The stent controversy serves as a reminder that the United States struggles when it comes to winnowing evidence-based treatments from the ineffective chaff. As surgeon and health care researcher Atul Gawande observes, "Millions of people are receiving drugs that aren't helping them, operations that aren't going to make them better, and scans and tests that do nothing beneficial for them, and often cause harm"... Estimates vary about what fraction of the treatments provided to patients is supported by adequate evidence, but some reviews place the figure at under half.

5 of 233 comments (clear)

  1. No Money by Anonymous Coward · · Score: 5, Insightful

    Duh, there is no money in actually healing people. Take the profit out of medicine and it will start actually work again.

    1. Re:No Money by VeryFluffyBunny · · Score: 5, Interesting

      In the UK, where the NHS is the only real game in town and health insurance is a national govt. system, doctors are allocated budgets for the numbers of patients that they have enrolled on their books. It's in their interests to spend as little as possible on keeping their patients as healthy as possible in order to conserve their budgets. The NHS is one of the best health services in the world in terms of outcomes for per capita spending. Well, that's the last time I heard. The current UK right-wing* administration are doing their best to wreck it.

      *right-wing in the UK is still thankfully far left of the Democrats in the USA.

      --
      Debate is a form of harassment.
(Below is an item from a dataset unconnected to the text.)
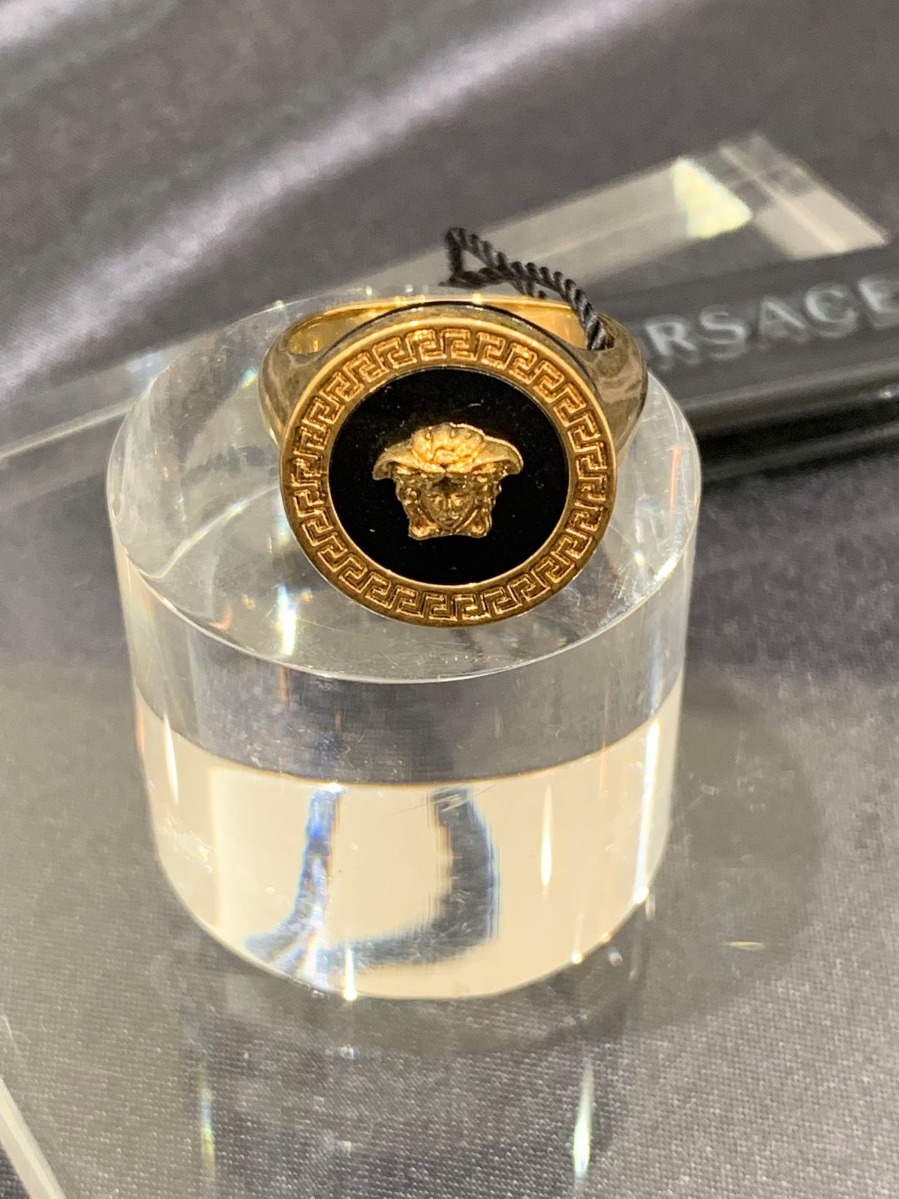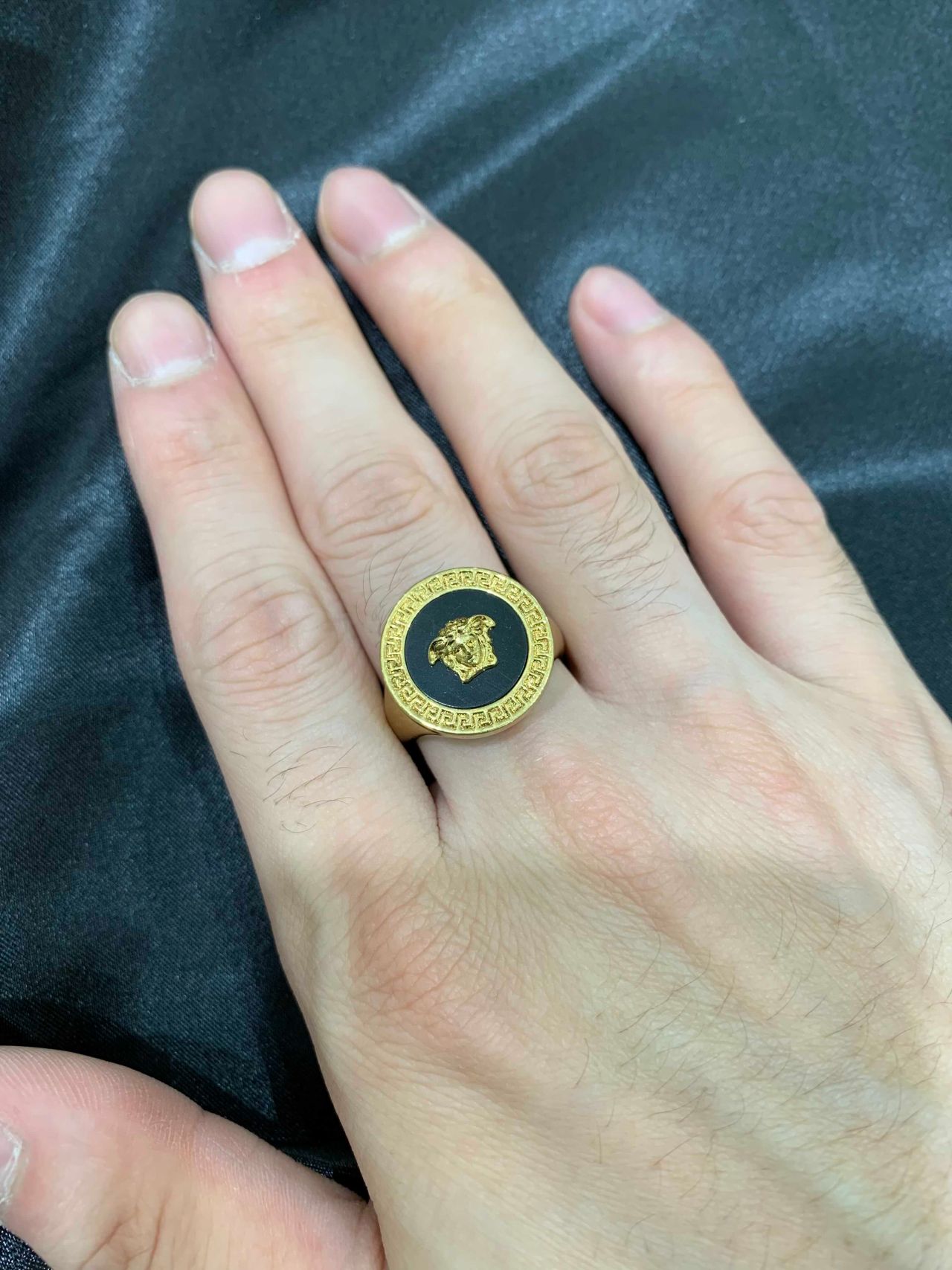 中央にヴェルサーチのアイコンになっているメデューサが描かれた存在感のあるリングです

Do not question my truth.
  2. Damn stupid story by Anonymous Coward · · Score: 5, Insightful

    Stents WORK for heart disease - that’s proven and the story stupidly misleads it for click bait (and slashdot editors happily repeat)

    The study in question showed that stents don’t necessarily reduce heart pain in patients with narrowed arteries which is contradictory to the theories about how heart pain/disease work.
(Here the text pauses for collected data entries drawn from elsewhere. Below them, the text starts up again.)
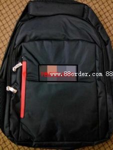 雙肩電腦包: 數(shù)量:1800個 尺寸:32cm長*19cm寬*46.5cm高 材料:面料600d古治尼龍,里布210d 黑色,有三個大口袋 1.第一格最大,背包內(nèi)部有電腦隔層,能放得下一部15.6英寸的手提電腦,隔層用6mm厚珍珠棉,用10號雙頭拉鏈 2.第二格內(nèi)也有珍珠棉隔層可放手提電腦; 3.第三格內(nèi)有一個口袋放筆記本(尺寸:15*12cm)和三個筆袋(尺寸:2*12cm) 4.左右兩側(cè)有松緊帶的放水壺網(wǎng)袋; 5.正面有一個7色刺繡,刺繡尺寸:12*7cm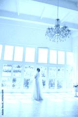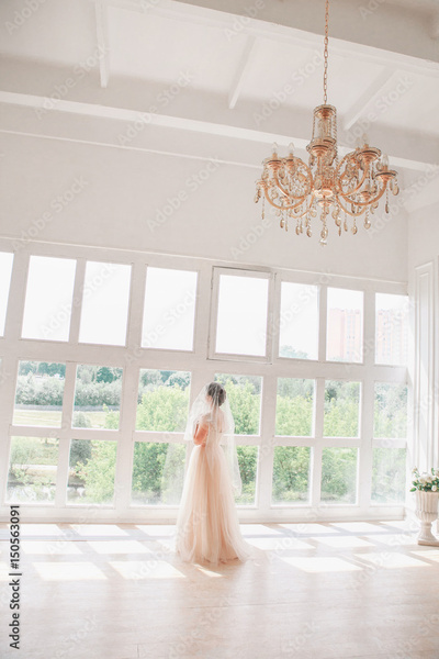 portrait of beautiful bride indoor. Fashion bride girl in gorgeous wedding dress in studio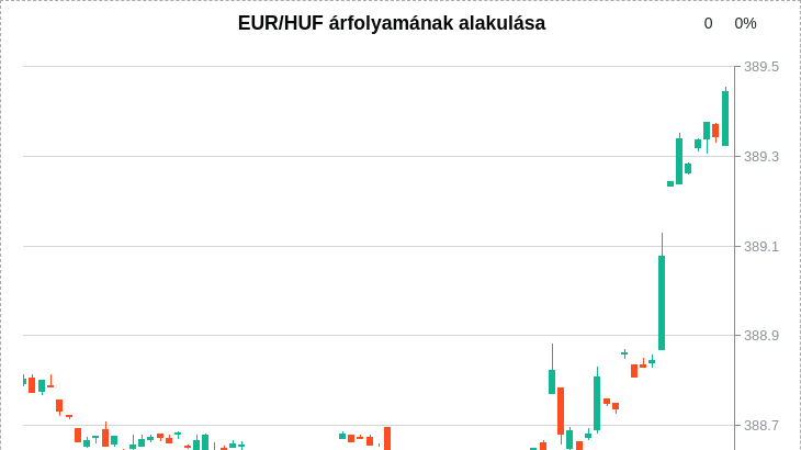 A forint jelentősen, 3,5 egységet vesztett értékéből az euróval szemben, amivel árfolyama egészen 392,3-ig emelkedett. A magyar deviza mintegy másfél hete nem volt ilyen gyenge az euróhoz viszonyítva.
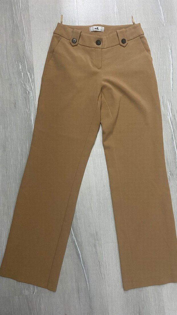 Bej renkte, midi boy, düz kesim kadın kumaş pantolon. Düz ve desen içermeyen, sentetik kumaştan üretilmiş, sade ve günlük kullanıma uygun şık bir model.

    Regardless a clogged artery will still kill you and a stent resolves that problem!

    More piss poor science “reporting”

    1. Re:Damn stupid story by sjames · · Score: 5, Informative

      Somebody didn't RTFA! The study was looking specifically at stents used in cases of stable angina that is responsive to medication, and found that the stents were higher risk but provided no benefit over medication in the case of stable angina. The study did not attempt to address the effectiveness of stents in other cases including cases where medication did not control stable angina.

      That still represents a lot of excessive costs for no benefit.
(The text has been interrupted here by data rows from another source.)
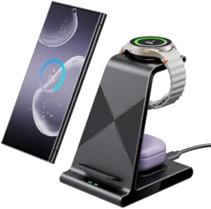 EGV Wireless Charger for Samsung – 3 in 1 Wireless Charging Station for Galaxy S25 Ultra S24 S23, Z Fold Flip 7/6, Detachable Watch Charger for Galaxy Ultra 8/7/6, Foldable, Fast Charging, No Adapter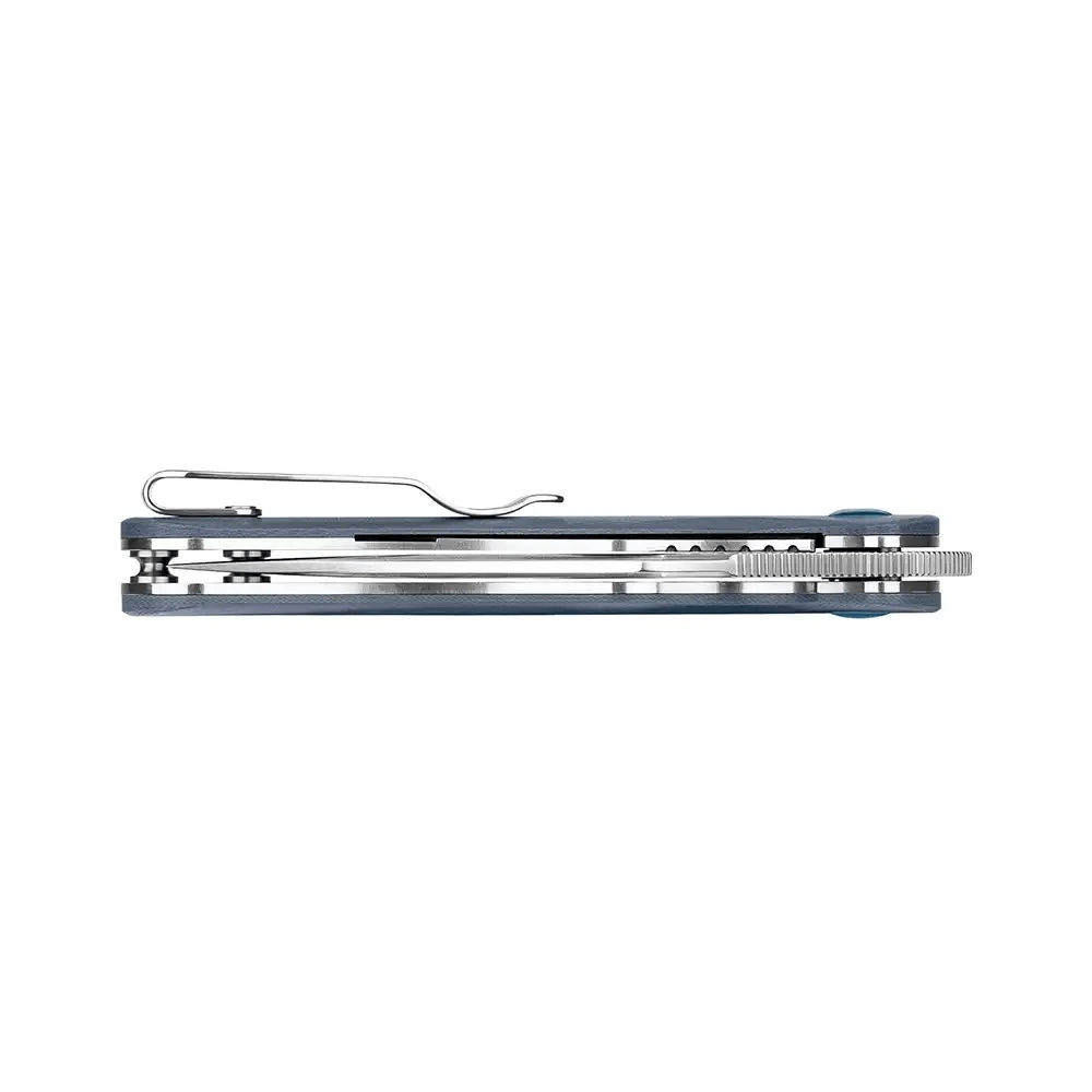 Mânerul ergonomic din G10 se așază excelent în mână și oferă o priză sigură chiar și la utilizare îndelungată. Siguranța Liner Lock fixează fiabil lama în poziție deschisă, iar clema adâncă de buzunar permite o purtare discretă. Splint îmbină funcționalitatea, durabilitatea și designul curat, cu un accent albastru pe pivot.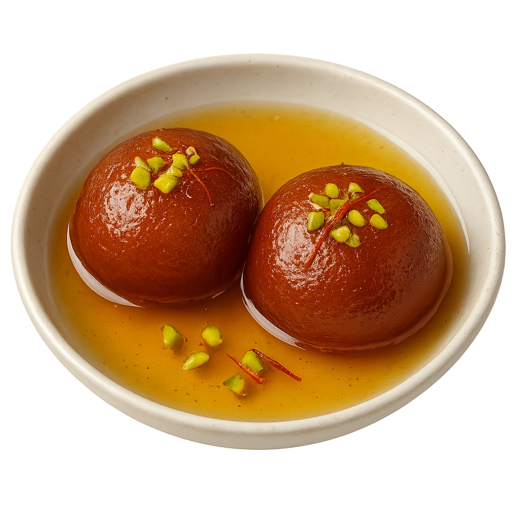 Soft milk dumplings soaked in fragrant rose-flavored sugar syrup, a classic Indian dessert.

  3. Same thing happens in dentistry by ravenspear · · Score: 5, Informative

    The medical literature clearly indicates that the US is one of the few western countries remaining that routinely extracts nearly all asymptomatic wisdom teeth.

    There is no medical reason why this is necessary unless the teeth are severely impacted or arranged in such a way that it is difficult to brush them.

    Yet wisdom teeth extraction is a huge multibillion dollar industry for the dentistry practice in the US.